Plan-mode writes refused even inside the plan dir
The path comparison is byte-for-byte. If the model emits a path
with ~ and the plan_dir has the expanded form, expansion runs
before the comparison — but resolved-vs-symlinked-path
mismatches can still bite. The error message names the attempted
path and the expected prefix so you can compare directly.
Architecture
Source layout under crates/helexa-acp/src/:
| File | Responsibility |
|---|---|
main.rs |
tokio + Stdio transport.
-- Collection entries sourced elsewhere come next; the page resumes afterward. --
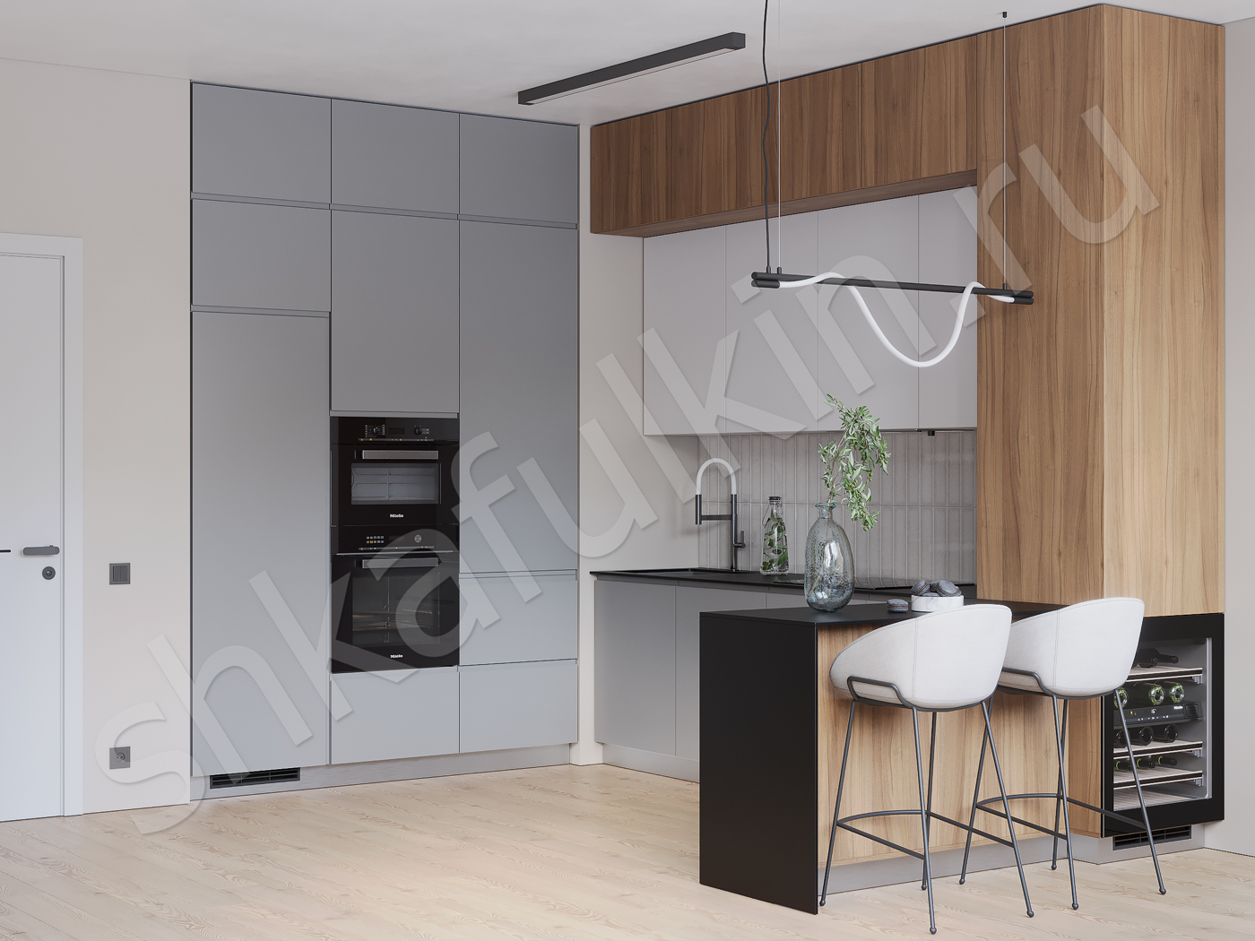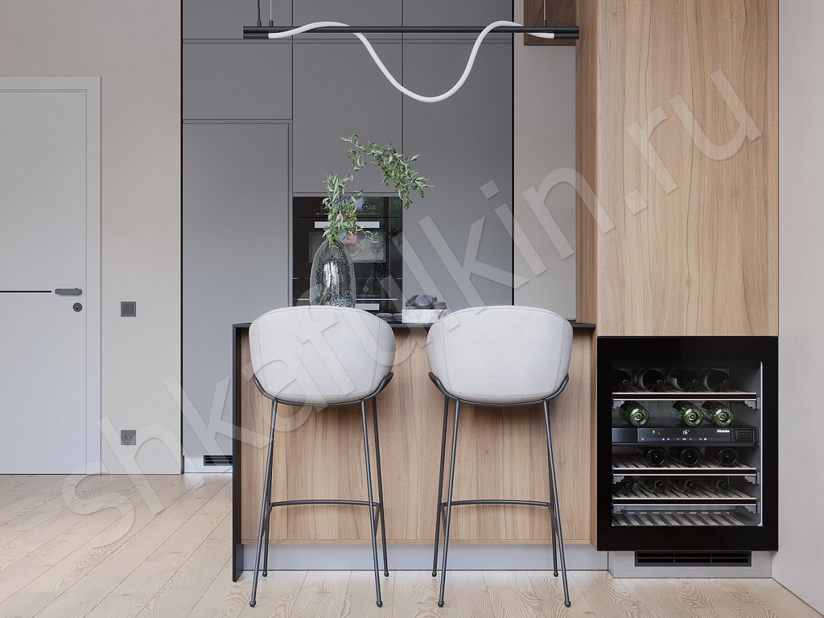 Фасады: МДФ с фрезеровкой покрашенный по NCS / ЛДСП Egger.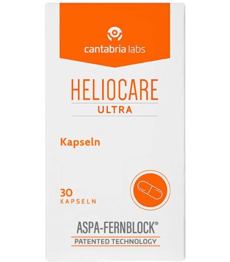 Anwendungsgebiet von Heliocare Ultra D KapselnHeliocare Ultra D Kapseln der innovativen Sonnenschutz von innen dank der patentierten Fernblock®-Technologie. Diese unterstützt den Schutz des hauteigenen Immunsystems, wirkt der Entstehung von Hyperpigmentierungen entgegen und kann bestehende Pigmentflecken reduzieren. Zudem trägt sie dazu bei, lichtbedingte Hautalterung (Photoaging) zu verlangsamen und freie Radikale unschädlich zu machen. Dermatologisch geprüft und für jeden Hauttyp geeignet.Mit ASPA-FERNBLOCK: patentierte Technologie. Basiert auf dem Extrakt des Farns Polypodium leucotomos und weiteren wertvollen Antioxidantien.Schützt das Gewebe, das Immunsystem, die Vitamin D Rezeptoren und die DNA der Haut.Wirkstoffe / Inhaltsstoffe / ZutatenZutaten von Heliocare Ultra D Kapseln :Polypodium Leucotomos Extract Aspalathus Linearis Lutein Vitamin C (L-Ascorbic Acid) Lycopene Vitamin D (Cholecalciferol) Vitamin E (DL-Alpha-Tocopheryl Acetate) Capsule Shell: Hydroxypropylmethylcellulose Colorants: Red Iron Oxide Chlorophyllin (E140ii) Nährwertdeklaration1 Kapsel100 gNRV¹Energie10,22 kJ2,40 kcal1577 kJ371 kcalFett0,005 g0,8 gDavon gesättigte Fettsäuren0,002 g0,3 gKohlenhydrate0,583 g89,9 gDavon Zucker0,045 g7,0 gEiweiß0,007 g1,1 gSalz²0,006 g0,875 gPolipodium leucotomos Extrakt240 mg37,04 gAspalathus linearis Extrakt240 mg37,04 gVitamin C20 mg (20% NRV¹)3090 mg100 %Vitamin E3 mg (23% NRV¹)463 mg25 %Vitamin D5 µg (25% NRV¹)772 µg25 %Lutein2 mg309 mgLycopin1 mg154 mg¹Nährstoffbezugswerte (nutrient reference values NRV) in Prozent gemäß EU-Lebensmittelinformationsverordnung²Der Salzgehalt ist ausschließlich auf die Anwesenheit natürlich vorkommenden Natriums zurückzuführen.GegenanzeigenBei bekannter Überempfindlichkeit gegenüber einem der oben genannten Inhaltsstoffe sollte dieses Produkt nicht angewendet werden.DosierungVerzehrempfehlung von Heliocare Ultra D Kapseln:Für Erwachsene mit einem Körpergewicht bis zu 70 kg wird empfoh ...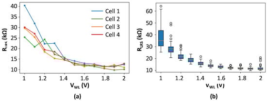 A statistical analysis of the LRS resistance distribution was also conducted. The measurement protocol of Figure 10a is applied to each cell of the 7 × 7 memory array to catch the D2D variability. Figure 11b shows a box plot representation of RLRS versus VWL voltage for all the memory array cells (49 measurements for each VWL step). We can observe that the higher the select transistor gate voltage, the lower the resistance after SET. Moreover, when the maximal allowed current decreases, the resistance values are more spread. Conversely, when the current limitation is high, all the cells are correctly SET, resulting in tight distributions [31]. A region of resistance variation has been identified (between 12.5 kΩ and 40 kΩ, see Figure 11a,b) where the conductance modulation in the LRS state can be exploited. Beyond this resistance range, the resistance variation slope is too important to consider conductance modulation.
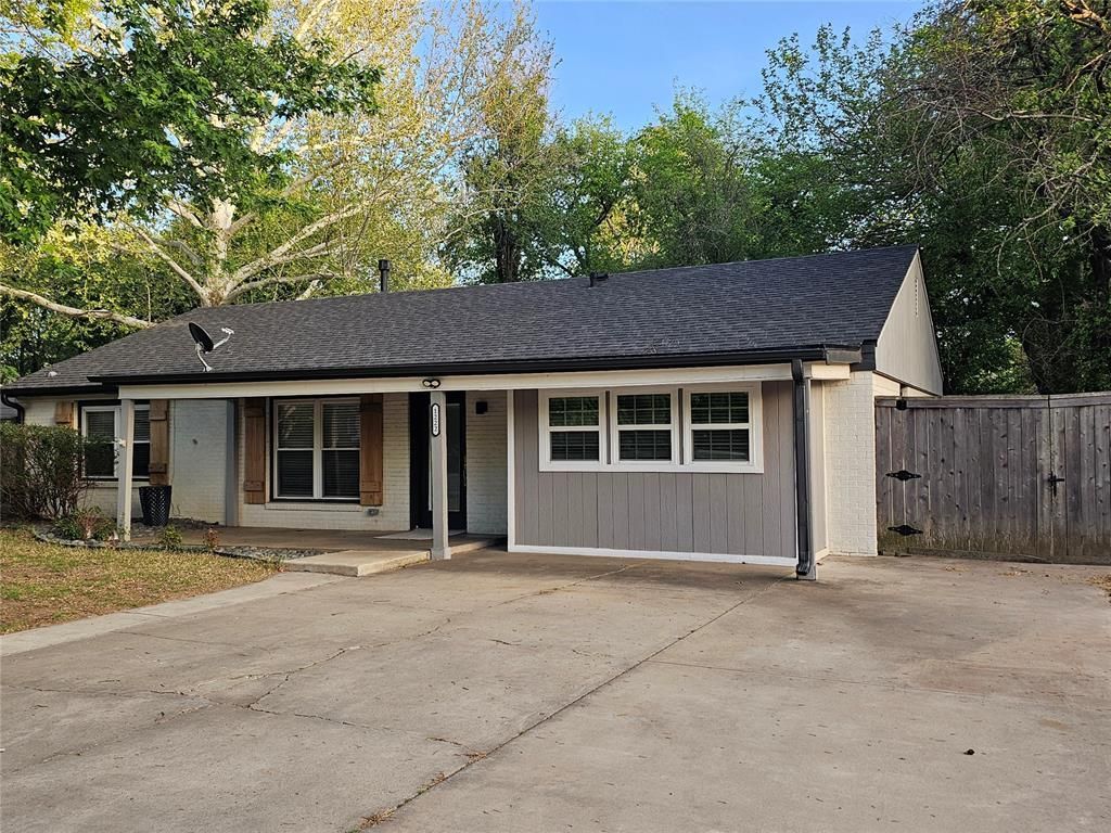 Spacious 4-bedroom split-plan home in Southwest Norman offering updated features and exceptional living space. The extra-large living area includes vaulted ceilings and a fireplace, creating an open and inviting central gathering space. The updated kitchen features granite countertops, stainless steel appliances, and an adjacent dining area. The primary suite includes an updated bath with a soaking tub and separate shower.Exterior features include a covered front porch, open patio, storage shed, extra parking, and dedicated RV parking. The large yard is shaded by mature trees and provides plenty of room for outdoor enjoyment. Major system updates include electrical and heat/air improvements, offering added peace of mind. A well-maintained property in a desirable Southwest Norman location.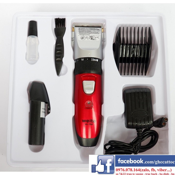 TÔNG ĐƠ CẮT TÓC WEITE WT-188 Giá 330k + ship Thông số kỹ thuật Tông đơ cắt tóc chuyên nghiệp Weite WT-188 – Nguồn: 100-240V – Thời gian sạc: 3-4h – Tiếng ồn nhỏ, động cơ khỏe – Thời gian sử dụng liên tục: 60-90 phút – 2 pin NiMH – Kích thước máy: 8 x 4 x 4 cm – Điện áp: 110-220V/ 50HZ/ 12W Ưu điểm tông đơ cắt tóc chuyên nghiệp Weite 188 -Lưỡi ceramic an toàn, sắc bén, dễ dàng bảo quản – Mũi dao cắt rất sít với lược tạo cho máy rất an toàn và không làm đau cũng như không trầy sước đối với da bé. – Máy có 2 pin, thời gian sử dụng liên tục từ 60 phút trở lên – Thiết kế gọn gàng, dễ dàng thao tác – Trên thân máy có thể xoay vòng tròn, thay đổi lưỡi tông đơ để chọn chế độ cắt: 0.8mm, 1.4mm, 2.0mm. – Sản phẩm gồm: tông đơ, pin dự phòng, dầu bôi trơn, chổi vệ sinh máy, adaptor sạc, và 2 lược răng: 2mm, 4mm, 6mm, 9mm. – Điện áp: 110-220V/ 50HZ/ 12W Chú ý khi sử dụng: -Trước khi sử dụng nên tra dầu bôi trơn vào đầu lưỡi thì khi cắt sẽ bén hơn và máy chạy êm hơn. – Mỗi khi sử dụng xong cần vệ sinh tông đơ sạch sẽ và bảo quản nơi khô ráo. – Không sử dụng chất tẩy rửa tránh bị ăn mòn – Sạc pin quá lâu sẽ làm giảm tuổi thọ của máy Mua hàng liên hệ 0976078164 Địa chỉ 22 trần tế xương, trúc bạch, ba đình, hà nội Ship cod toàn quốc nhận hàng thanh toán #tongdocattoc #tongdo #tongdoweite #tongdocattocweite #weite #weite188 #wt188 #tongdocattocgiadinh #tongdocattoctreem #mypham #myphamtoc #ghecattoc #phukienbarber #phulieutoc #dodungnganhtoc #myphamnganhtoc #salontoc #barbershop

Builds providers, hands off to agent::Agent |
config.rs |
TOML + env-fallback config, endpoint resolver |
agent.rs |
ACP handlers (initialize, session/new, session/prompt, session/cancel, session/set_mode, session/set_model, session/load, session/list), prompt loop with tool-call recursion |
session.rs |
Per-session state map (Arc<RwLock<HashMap<…>>>) |
store.rs |
On-disk session persistence, plan-dir resolution |
prompt.rs |
System-prompt assembly, plan-mode addendum |
tools.rs |
Tool schemas + shape-based name inference |
tool_runner.rs |
Dispatch a single tool call through ACP client RPCs; permission gate |
qwen3.rs |
Qwen3 Hermes tool-format parser (<tool_call> / <think> markers) |
compaction.rs |
Token-budget compaction for the rolling history |
path_util.rs |
~ / $HOME expansion shared across every path-taking tool |
provider/openai_chat.rs |
OpenAI chat completions provider |
provider/openai_responses.rs |
OpenAI Responses API provider |
provider/anthropic_messages.rs |
Anthropic Messages API provider |
Adding a new wire format
- New file under
src/provider/implementing theProvidertrait (encoder + SSE decoder). - Add a
WireApivariant inconfig.rs. - Wire it into
build_providerinmain.rs. - Done — every other module is wire-format-agnostic.
Concurrency
Arc<RwLock<HashMap<SessionId, Arc<Mutex<SessionState>>>>>— per-session mutex so concurrent requests across sessions don't contend; the map's RwLock is read-mostly.- Every tool call dispatched serially within a session (parallel dispatch would require Zed to handle interleaved permission prompts).
- Provider streams are back-pressured by the consumer (bounded mpsc channels).
Self-contained
The crate has no workspace-internal dependencies (no
cortex-core, no cortex-gateway). Migration to a dedicated
GitHub repo for cross-platform CI / cargo-dist binaries is
Cargo.toml-only.
Status
- Stages 1–6 shipped: scaffold, agent loop, tools, modes, session resume, image input, model picker, three wire formats.
- Stage 8 (RPM + multi-platform CI) tracked in the canonical plan; Linux x86_64 RPM ships today via the cortex monorepo's Gitea Actions.
Contributing
Repository: https://git.lair.cafe/helexa/cortex (crates/helexa-acp/).
Issues / PRs welcome. The canonical staged plan is in
~/.claude/plans/plan-the-per-device-worker-abstract-micali.md on
the maintainer's machine; the substages 3a–3e and 6a/6b that the
canonical plan didn't anticipate are documented in commit messages.
CI: cargo fmt --check --all, cargo clippy --workspace -- -D warnings, cargo test --workspace must all pass before merge.